Arthur Rumboll

Personal information
- Full name: Arthur Charles Rumboll
- Born: 20 August 1869 West Grimstead, Wiltshire, England
- Died: 31 July 1935 (aged 65) Weybridge, Surrey, England
- Batting: Unknown

Domestic team information
- 1901/02: Europeans

Career statistics
| Competition | First-class |
| Matches | 1 |
| Runs scored | 17 |
| Batting average | 8.50 |
| 100s/50s | –/– |
| Top score | 12 |
| Catches/stumpings | 1/– |
- Source: Cricinfo, 2 January 2024

= Arthur Rumboll =

English cricketer, railwayman, and soldier

Arthur Charles Rumboll (20 August 1869 – 31 July 1935) was an English first-class cricketer and a figure in the Great Indian Peninsula Railway.

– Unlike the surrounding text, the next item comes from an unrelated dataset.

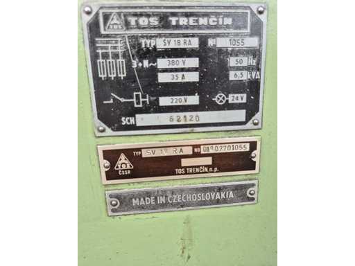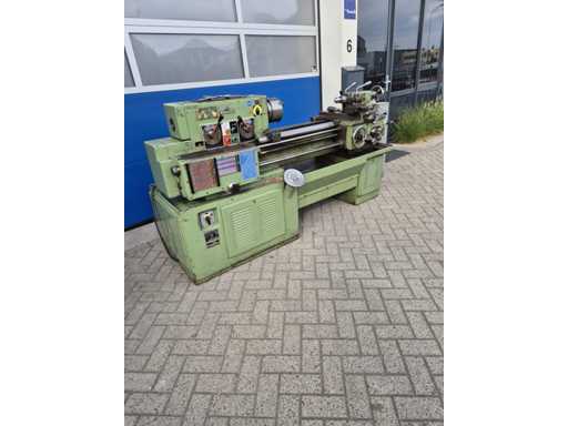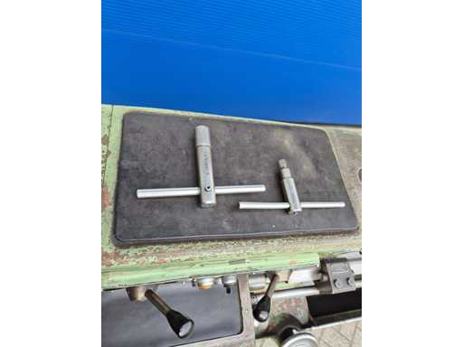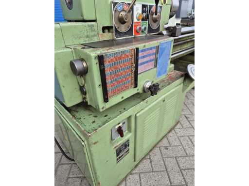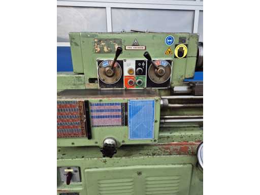 Tokarka do metalu TOS SV-18 RA jest w bardzo schludnym stanie i kompletna, jak pokazano na zdjęciach. Maszyna jest natychmiast gotowa do użycia. Wyposażony w odległość między kłami 850 mm, maksymalną średnicę toczenia 380 mm, otwór 42 mm i zakres prędkości od 14 do 2800 obr./min. Waga wynosi około 2000 kg. Pod względem technicznym, optycznym i ogólnym tokarka jest w dobrym stanie i dlatego może być natychmiast używana.

The son of Charles Large Rumboll, was born in August 1869 at West Grimstead, Wiltshire. Rumboll worked for the railways in British India, beginning his career with the Indian Midland Railway and gaining a military commission in the Midland Railway Volunteer Rifles as a second lieutenant in April 1892, with promotion to lieutenant following in October 1894. A further promotion to captain followed in July 1898, The Indian Midland Railway was succeeded by the Great Indian Peninsula Railway in Bombay, for whom Rumboll was a deputy manager. He was made an OBE in the 1918 Birthday Honours, at which point he held the position of general traffic manager with the railway. In the 1921 New Year Honours, he was appointed a Companion of the Order of the Indian Empire, holding the position of acting agent with the railway.

While in India, Rumboll played first-class cricket for the Europeans cricket team, making a single appearance against the Parsees at Bombay in the 1901–02 Bombay Presidency Match. Batting twice in the match, he was dismissed for 12 runs in the Europeans first innings by Kekhashru Mistry, while in their second innings he was dismissed for 5 runs by Ardeshir Mehta. Rumboll later retired to England, where he died at Weybridge in July 1935.